---------- DATA FOR REVIEW ----------

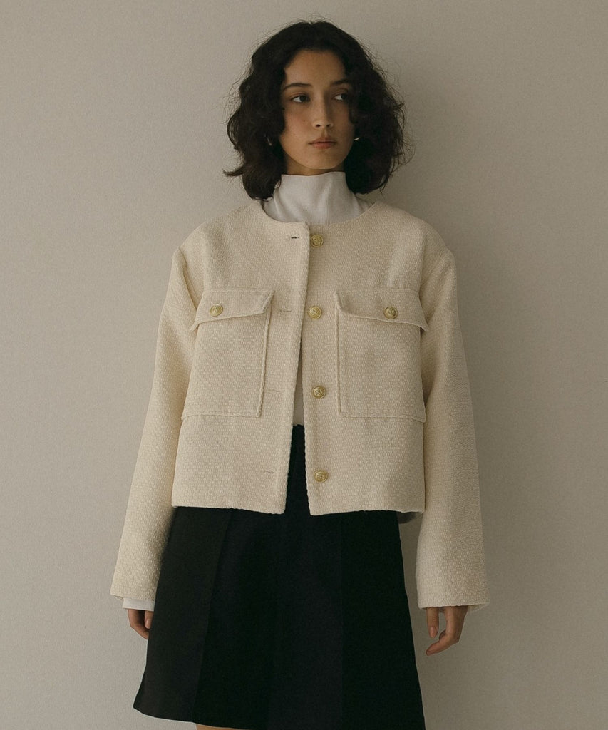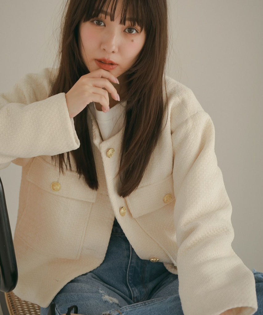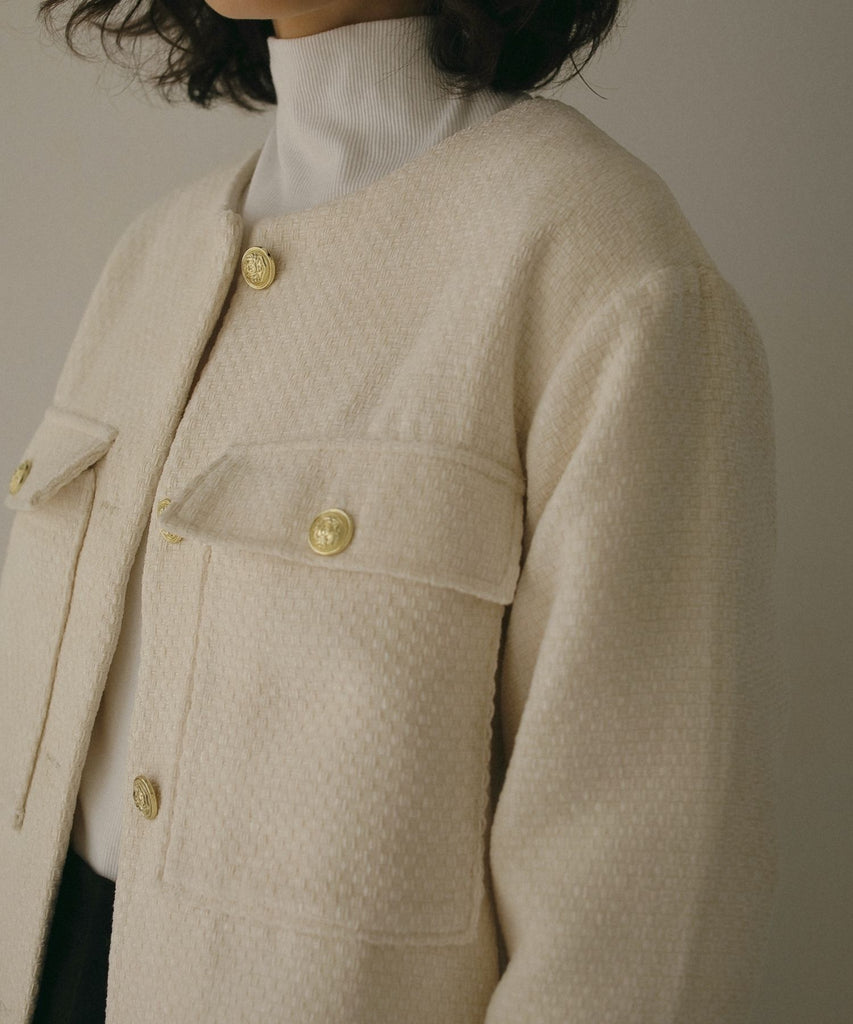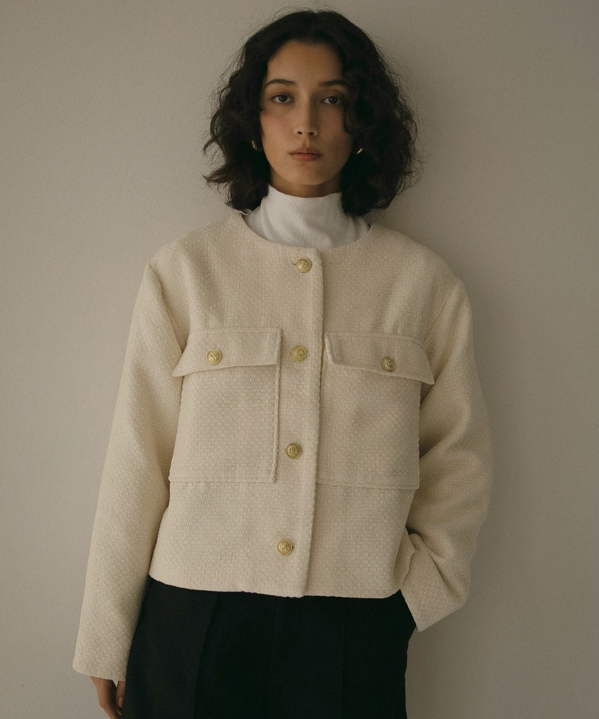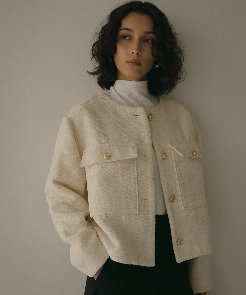 ざっくりとしたファンシーツイードを贅沢に使用したノーカラージャケット。金ボタンがアクセントになり、クラシカルな雰囲気を演出してくれます。スタイルUPを叶えてくれるショート丈は、さまざまななボトムスやワンピースとの相性もバッチリ。カジュアルからきれいめまで、幅広いスタイリングをお楽しみいただけるおすすめアウター。
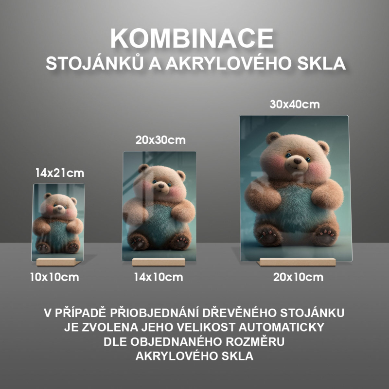 Na produktovém fotu vyobrazena nejoblíbenější varianta akrylového skla 14x21/21x14cm a dřevěný stojánek 10x10cm.
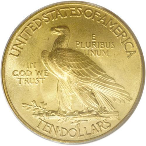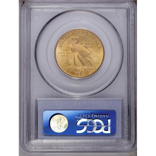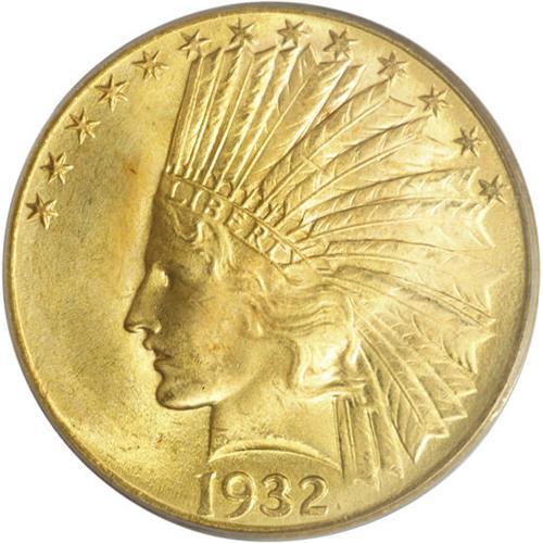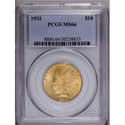<B>1932<$10> MS66 PCGS.</B></I> Shimmering luster illuminates the richly toned, matte-like surfaces. A variegated scheme of mint-green, orange, and pink coloration adorns each side. In addition to sharp striking details, the coin's most impressive feature is its outstanding luster. Popular as the last collectible year of this type. Population: 67 in 66, 1 finer (2/06).
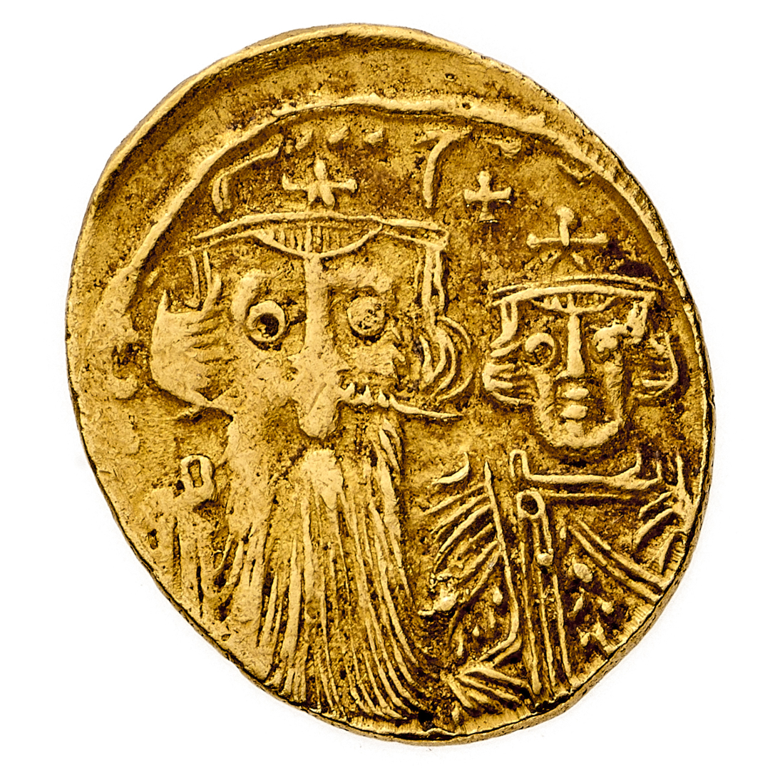 Costante II (641-668) - Solido databile al periodo 661-663 - Zecca: Costantinopoli - Diritto: mezzi busti affiancati dell'Imperatore e del figlio, Costantino IV - Rovescio: croce potenziata su un basamento di tre gradini fra le figure di Eraclio e Tiberio - gr. 4,45 - BB
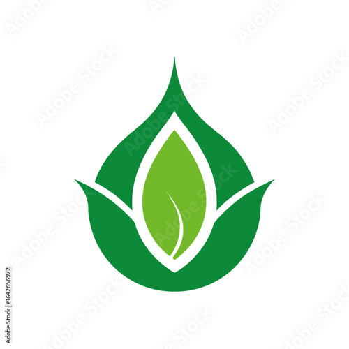 Green Leaf Emblem with Water Drop on Transparent Background

----------

**WHAT YOU NEED TO DO:**
Please retype all the entries word for word, omitting the pictures.

**SOLUTION TO THIS TASK:**
 ざっくりとしたファンシーツイードを贅沢に使用したノーカラージャケット。金ボタンがアクセントになり、クラシカルな雰囲気を演出してくれます。スタイルUPを叶えてくれるショート丈は、さまざまななボトムスやワンピースとの相性もバッチリ。カジュアルからきれいめまで、幅広いスタイリングをお楽しみいただけるおすすめアウター。
 Na produktovém fotu vyobrazena nejoblíbenější varianta akrylového skla 14x21/21x14cm a dřevěný stojánek 10x10cm.
<B>1932<$10> MS66 PCGS.</B></I> Shimmering luster illuminates the richly toned, matte-like surfaces. A variegated scheme of mint-green, orange, and pink coloration adorns each side. In addition to sharp striking details, the coin's most impressive feature is its outstanding luster. Popular as the last collectible year of this type. Population: 67 in 66, 1 finer (2/06).
 Costante II (641-668) - Solido databile al periodo 661-663 - Zecca: Costantinopoli - Diritto: mezzi busti affiancati dell'Imperatore e del figlio, Costantino IV - Rovescio: croce potenziata su un basamento di tre gradini fra le figure di Eraclio e Tiberio - gr. 4,45 - BB
 Green Leaf Emblem with Water Drop on Transparent Background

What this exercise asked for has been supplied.